Acute kidney injury (AKI) is a critical condition with diverse manifestations and variable outcomes. Its diagnosis traditionally relies on delayed indicators such as serum creatinine and urine output, making early detection challenging. Early identification is essential to improving patient outcomes, driving the need for novel biomarkers. Recent advancements have identified promising biomarkers across various biological processes. Tubular injury markers, including neutrophil gelatinase-associated lipocalin (NGAL), kidney injury molecule-1 (KIM-1), N-acetyl-β-D-glucosaminidase (NAG), and liver-type fatty acid-binding protein (L-FABP), offer insights into early tubular damage.
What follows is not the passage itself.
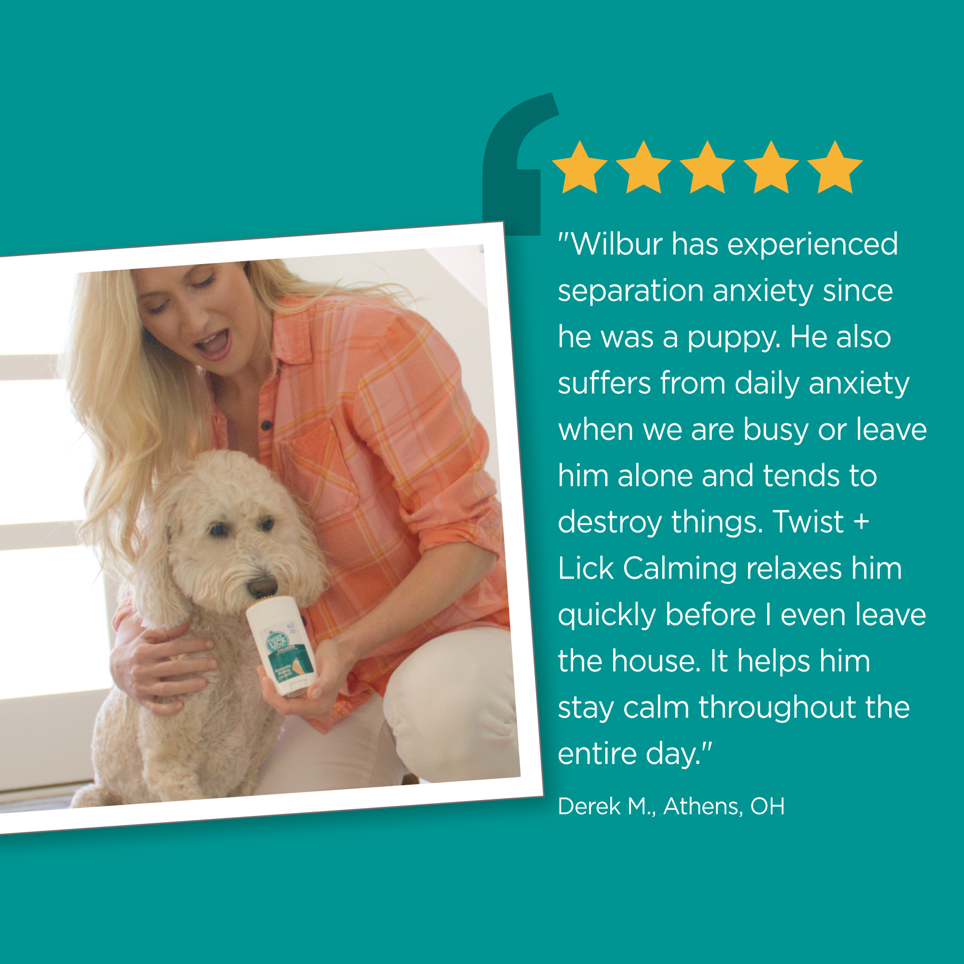 Formulated by vets and packed with natural calming ingredients like Melatonin, Tryptophan, and Chamomile, this tasty gel helps soothe anxious pups and restore a sense of balance. No need to sneak a pill or wrestle with chews—just twist the base, let them lick, and you’re done!

Inflammatory and repair-associated biomarkers, such as interleukin-18 (IL-18), monocyte chemotactic protein-1 (MCP-1), osteopontin (OPN), and C-C motif chemokine ligand 14 (CCL14), reflect ongoing injury and recovery processes. Additionally, stress and repair markers like tissue inhibitor of metalloproteinase-2 (TIMP-2) and insulin-like growth factor-binding protein-7 (IGFBP-7), alongside filtration markers such as cystatin C (CysC) and proenkephalin (PenKid) e.tal, further enhance diagnostic precision. Oxidative stress-related markers, including Superoxide Dismutase 1 (SOD1), also contribute valuable information. Emerging candidates, such as microRNAs, soluble urokinase plasminogen activator receptor (SuPAR), and chitinase-3-like protein 1 (CHI3L1), hold substantial promise for AKI detection and prognosis. This review summarizes the progress in AKI biomarker research, highlighting their clinical utility and exploring their potential to refine early diagnosis and management strategies. These findings offer a new perspective for integrating novel biomarkers into routine clinical practice, ultimately improving AKI care.

摘要

急性肾损伤(AKI)是一种危急病症,表现多样,预后各异。传统上,其诊断依赖于血清肌酐和尿量等延迟指标,这使得早期检测具有挑战性。早期识别对于改善患者预后至关重要,因此需要新型生物标志物。最近的进展已在各种生物过程中发现了有前景的生物标志物。肾小管损伤标志物,包括中性粒细胞明胶酶相关脂质运载蛋白(NGAL)、肾损伤分子-1(KIM-1)、N-乙酰-β-D-氨基葡萄糖苷酶(NAG)和肝型脂肪酸结合蛋白(L-FABP),可提供早期肾小管损伤的相关信息。炎症和修复相关的生物标志物,如白细胞介素-18(IL-18)、单核细胞趋化蛋白-1(MCP-1)、骨桥蛋白(OPN)和C-C基序趋化因子配体14(CCL14),反映了正在进行的损伤和恢复过程。此外,诸如金属蛋白酶组织抑制剂-2(TIMP-2)和胰岛素样生长因子结合蛋白-7(IGFBP-7)等应激和修复标志物,以及诸如胱抑素C(CysC)和前脑啡肽(PenKid)等滤过标志物等,进一步提高了诊断的准确性。氧化应激相关标志物,包括超氧化物歧化酶1(SOD1),也提供了有价值的信息。新兴的候选物,如微小RNA、可溶性尿激酶型纤溶酶原激活物受体(SuPAR)和几丁质酶-3样蛋白1(CHI3L1),在AKI检测和预后方面具有很大的潜力。本综述总结了AKI生物标志物研究的进展,强调了它们的临床实用性,并探讨了它们在完善早期诊断和管理策略方面的潜力。这些发现为将新型生物标志物整合到常规临床实践中提供了新的视角,最终改善了AKI的治疗。